Na Cruz de Jesus, portanto, nos é oferecida uma nova forma de sentir o mundo: “tende em vós os mesmos
sentimentos de Cristo Jesus”. O madeiro onde Jesus de Nazaré morreu não é belo aos olhos humanos, não
gratifica nossos sentidos; não é a marca de um “país católico”, nem a divisa da cristandade... É e será sempre
fonte origem de um novo modo possível de ver e ouvir o mundo, de olhar quem somos e como é Deus.
A Cruz, com seu mistério fascinante e tremendo, com seu mistério sempre maior, não só é fonte de salvação
eterna, mas princípio de uma nova sensibilidade para um novo modo de se fazer presente neste mundo.
Não podemos venerar a Cruz e adorar o Crucificado vivendo de costas ao sofrimento de tantos seres
humanos destruídos pela fome, miséria e exclusão.
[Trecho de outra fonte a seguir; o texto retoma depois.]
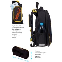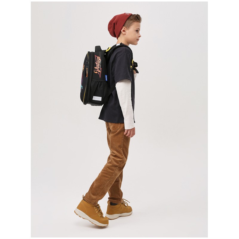 Эргономичный ранец серии Expert для детей младшего и среднего школьного возраста выполнен из экологичного ЭВА материала с покрытием из высокопрочной нейлоновой ткани кордура. За счет особой структуры нити в ней достигнута четырёхкратная стойкость к истиранию по сравнению с простым нейлоном. Кордура обладает водоотталкивающими свойствами и легко чистится. Благодаря анатомической вентилируемой спинке, регулируемым по длине и высоте лямкам, а также нагрудному креплению ранец плотно фиксируется на спине ребенка, что помогает равномерно распределить нагрузку и сохранить правильную осанку. Ранец имеет 2 отделения, 2 боковых кармана на резинке, съемный кошелек на лямке для быстрого доступа к необходимым вещам. Внутри предусмотрены разделители для учебных пособий, органайзер для письменных принадлежностей, карман для мобильного телефона, карабин для ключей и именная карточка для подписи. Уплотненная мягкая ручка и петля для подвешивания к парте делают ранец очень удобным. Дно выполнено из водонепроницаемого материала с пластиковыми ножками для защиты от влаги. Световозвращающие элементы на лямках, передней и боковых частях ранца обеспечивают безопасность ребенка в темное время суток. Подвеска в подарок. Вес ранца менее 1 кг. Размер - 37х28х16см. Объем - 16.5л, вес - 990г. Толщина спинки - 5-25мм. Толщина лямок - 10мм. Толщина дна - 7мм. Возрастная группа - для младших и средних классов. Для мальчиков.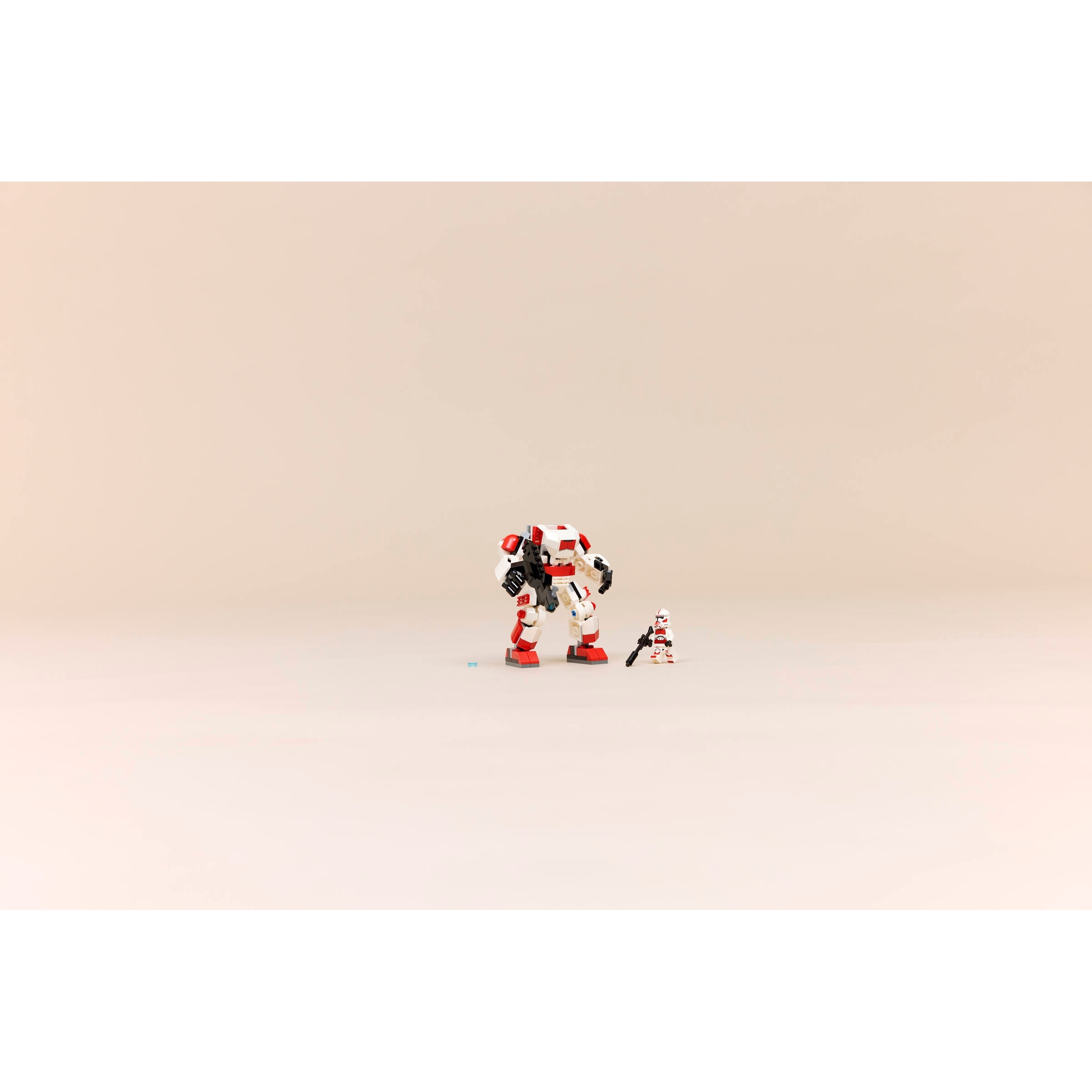 Put the Clone Shock Trooper LEGO minifigure in the mech’s cockpit and clip its blaster rifle to the back of the mech. Adjust the mechs arms, legs and feet to create battle poses. Place the large blaster rifle in its gripping hands and activate its stud shooter. With its armor in the distinctive red and white colors of Clone Shock Troopers, the mech also looks cool displayed in kids’ bedrooms between playtime missions.

Se ao contemplar o rosto do Crucificado nos
esquecemos das vítimas, seja qual for sua raça, cultura ou religião, então é que nosso olhar não é o olhar da
fé. Segundo Jon Sobrino, a fé no Crucificado implica em fazer descer da Cruz aqueles que estão
dependurados nela.
Na Cruz, Jesus Cristo “desceu” ao nível mais baixo da condição humana, de maneira que todo aqueles que
caírem, caiam n’Ele.
Associar-nos ao Cristo em sua “descida” para “subir” com Ele significa, também, arrancar de nosso
próprio coração a cumplicidade com todo tipo de morte e deixar-nos possuir pela glória de Deus.
“Descer” com Ele para aquilo que também está morto em nós (no nível corporal, afetivo, espiritual, social).
A luz da presença de Cristo ilumina tudo o que é sombrio em nosso interior. Ali estão presentes germes de
vida que ainda não tiveram possibilidade de irromper e crescer.